Philanthropy: Huntsmans win fame for generosity
Outside of the LDS Church, two years ago Huntsman organized the Alliance for Unity, a group of Utah community business, religious and civic leaders whose aim is to heal wounds in the community caused over Mormon/non-Mormon clashes, media sales, banking mergers and other divisive issues. Deseret Morning News editor and COO John Hughes sits on the Alliance board.
Huntsman Sr. said he knows most of the 100 U.S. senators personally and visits Washington, D.C., regularly lobbying for more federal money for cancer research.
Huntsman Sr. praises Hatch for "getting a few lines" in the huge new Medicare reform bill that just passed Congress and provides federal cancer care monies that should allow the new Huntsman Cancer Hospital to get several million dollars a year.
Like other endeavors, he puts his money behind his talk. The Huntsmans are Republicans. But three years ago, Huntsman said he'd start giving to any congressional candidate who promised to support cancer research.
The Huntsmans as individuals, through their political action committees and Huntsman corporations give around $300,000 a year to local and national campaigns and parties.
During 2000 and 2001, the Huntsmans gave $200,000 each to both the national GOP Senate committee and the national Democratic Senate committee, the money then being mainly used to re-elect sitting senators. But individual giving by the family to specific candidates and PACs leans heavily to Republicans, a review of Federal Election Commission reports shows.
Today, about 45 percent of the Huntsmans' political giving is going to Democrats, says Olsen.

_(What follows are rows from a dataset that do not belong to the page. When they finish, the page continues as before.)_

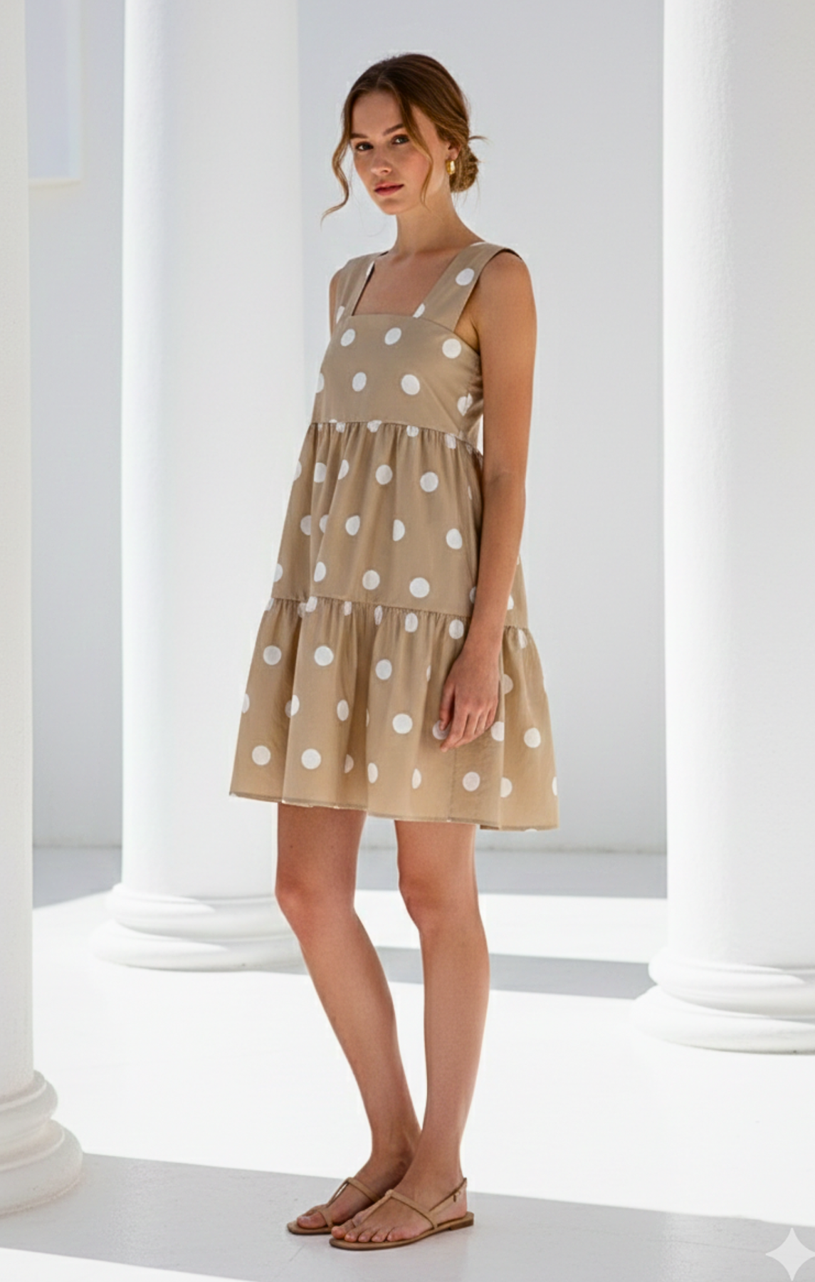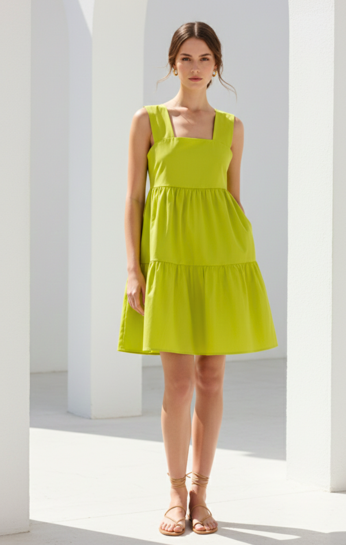 This vibrant dress is the ultimate "it-girl" piece for sunny days. It combines a bold, modern color palette with a timeless, feminine silhouette, making it a versatile staple for everything from beachside brunches to casual summer weddings. Capture the essence of summer in this tiered mini dress. Crafted from a crisp, breathable fabric cotton poplin, this dress features a structuredsquare neckline and wide, comfortable straps. The babydoll silhouette is defined by its breezy, multi-tiered skirt that offers effortless movement and a flattering, relaxed fit for all body types.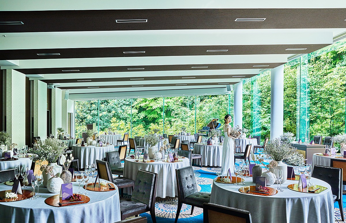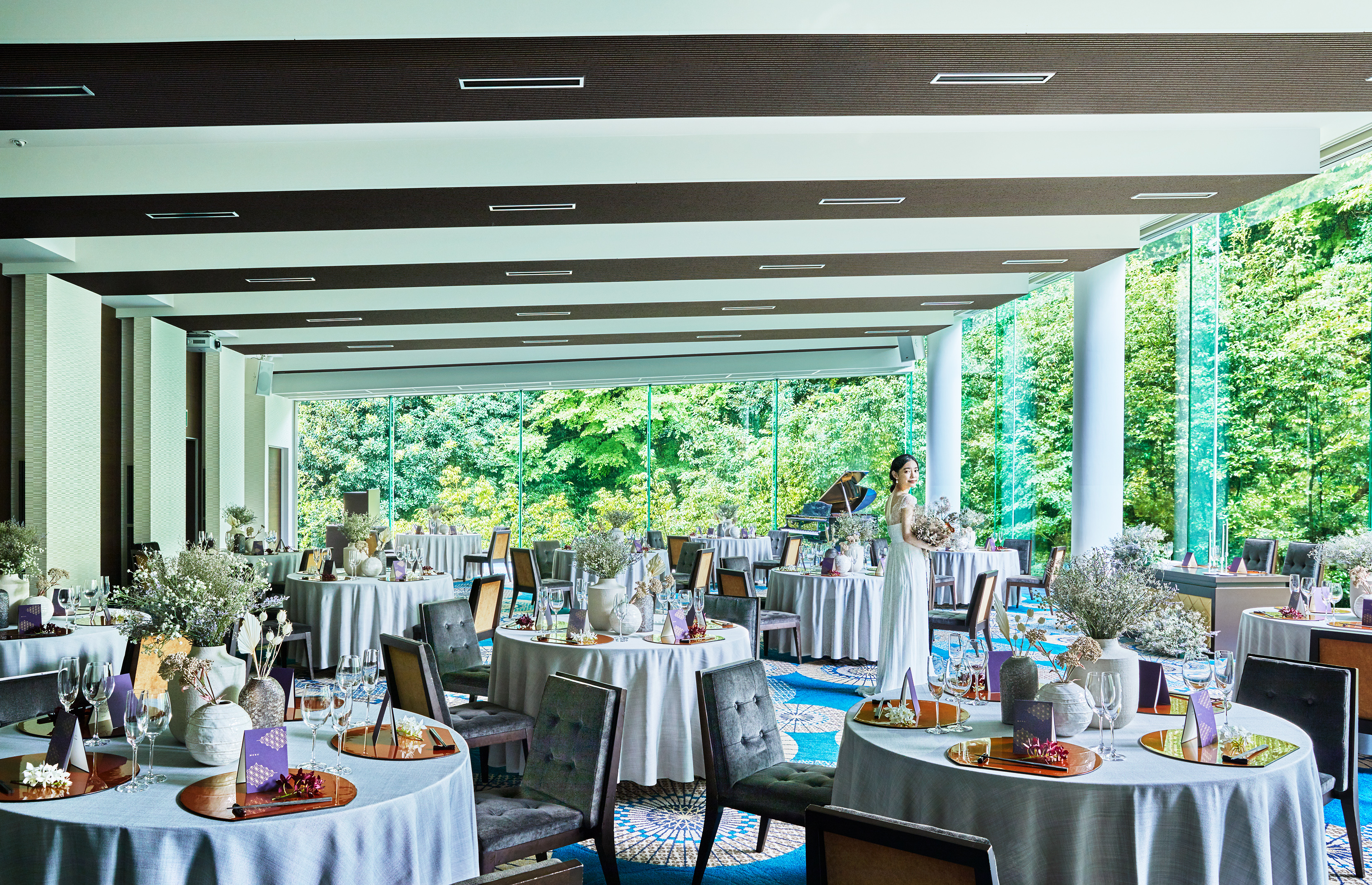 文化財である庭園を望むダイニングは、おふたりのお好みのスタイルによって2会場からお選びいただけます。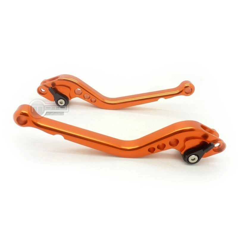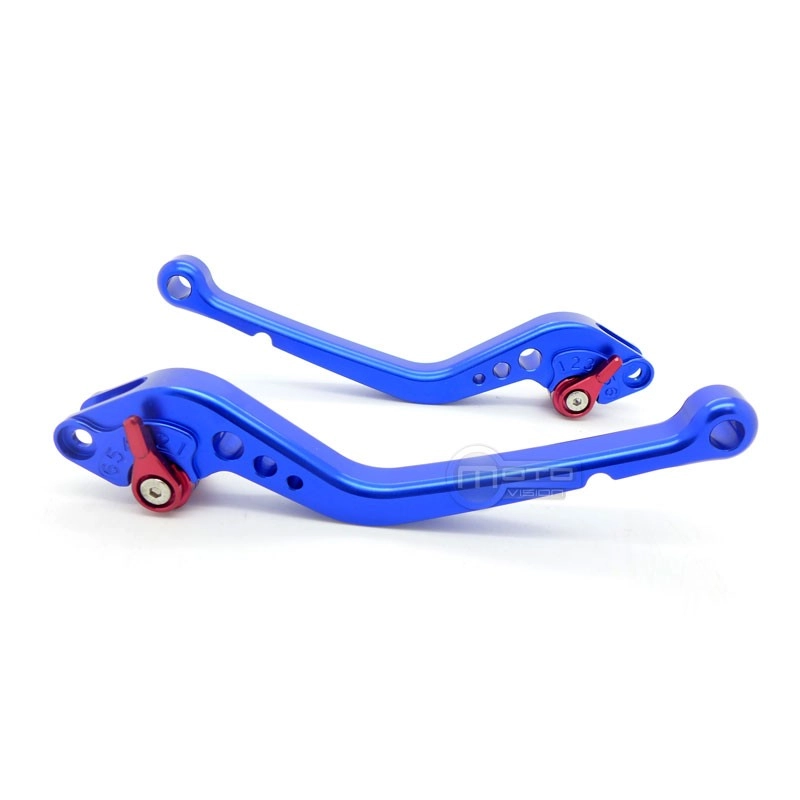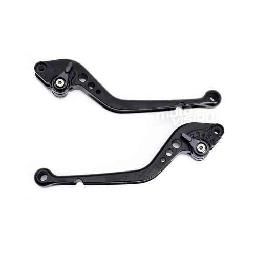 Paire de leviers de frein et d'embrayage longs en aluminium usinés CNC pour une résistance et une précision accrues. Ces leviers sont conçus pour une compatibilité parfaite avec les modèles de motos suivants : Suzuki B-King 2008-2011. La liste complète des modèles de moto est à retrouver dans l'onglet compatibilité.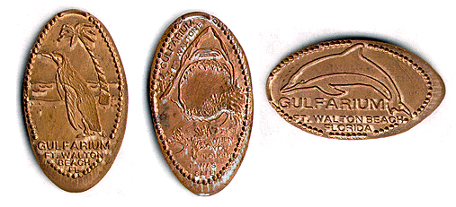 2) Alligator head with mouth open facing right and 'Gulfarium' inside,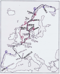 Pytheas reiseruter fra Massalia til Norge år 340 – 320 fvt., basert på Phyteas opplysninger og etter helleristninger av phokeiske skip og Massalias solhjul. Rød strek merket 1 er seilingsruten rundt Britannia. Blå strek merket 2 er ruten fra Gades til Tanais og Kvitsjøen. (SGR)

In the early 1990s, Huntsman Sr. gave $60,000 to the fight against legalizing parimutuel betting on horse races in Utah. He also gave $10,000 to Hatch's legal defense fund when Hatch was accused of wrongdoing in the Bank of Commerce and Credit International scandal. (Hatch was later cleared of those accusations.) And in 1991, Huntsman gave $5,000 to help host a National Republican Governors Association meeting in Salt Lake City.
In 2002, the last big election year, Huntsman's political contributions fell second only to Democrat Ian Cumming's among all Utahns, a Deseret Morning News computer search of FEC reports showed at that time.
It's fairly clear, then, that when Huntsman Sr. talks even when he takes a public stand against a popular movement people listen.His was one of the few credible voices raising concerns about how the Salt Lake Organizing Committee was handling fund-raising and conflicts of interest among its board members as SLOC prepared for the 2002 Winter Games. In 1999, after SLOC was reorganized following a bribery scandal that rocked the organization and Mitt Romney was hired to turn Utah's Games around, Huntsman Sr. endorsed the Olympics and became one of the most ardent supporters with a $1 million donation. (Before the scandal broke and Romney was hired, Huntsman Jr. offered to take over SLOC's helm and serve at no pay an offer that was turned down by SLOC's board.)
'Out of my back pocket'
But it's the family's charitable giving and the big numbers with it that may have the most long-term impact on Utahns and those across the country.
While Huntsman Sr. says his family has given or pledged $400 million over the past 10 years for a variety of charities, public records on their activities are sketchy. So it's difficult to get a complete picture of the family's economic impact in the state.
But clearly the generosity involves tens of millions of dollars a year with one newspaper account in the late 1990s placing the giving between $30 million and $50 million a year.
"We give most of our money in Utah, around 75 percent," Huntsman Sr. said.
By comparison, the Utah United Way in 2002 raised around $8 million in the state, getting money from 35,000 individuals and businesses, a United Way spokeswoman said. Another well-known benefactor, the George S. and Dolores Dore Eccles Foundation, gave away $36 million in 2001 and $193 million between 1992 and 2001, its annual report shows.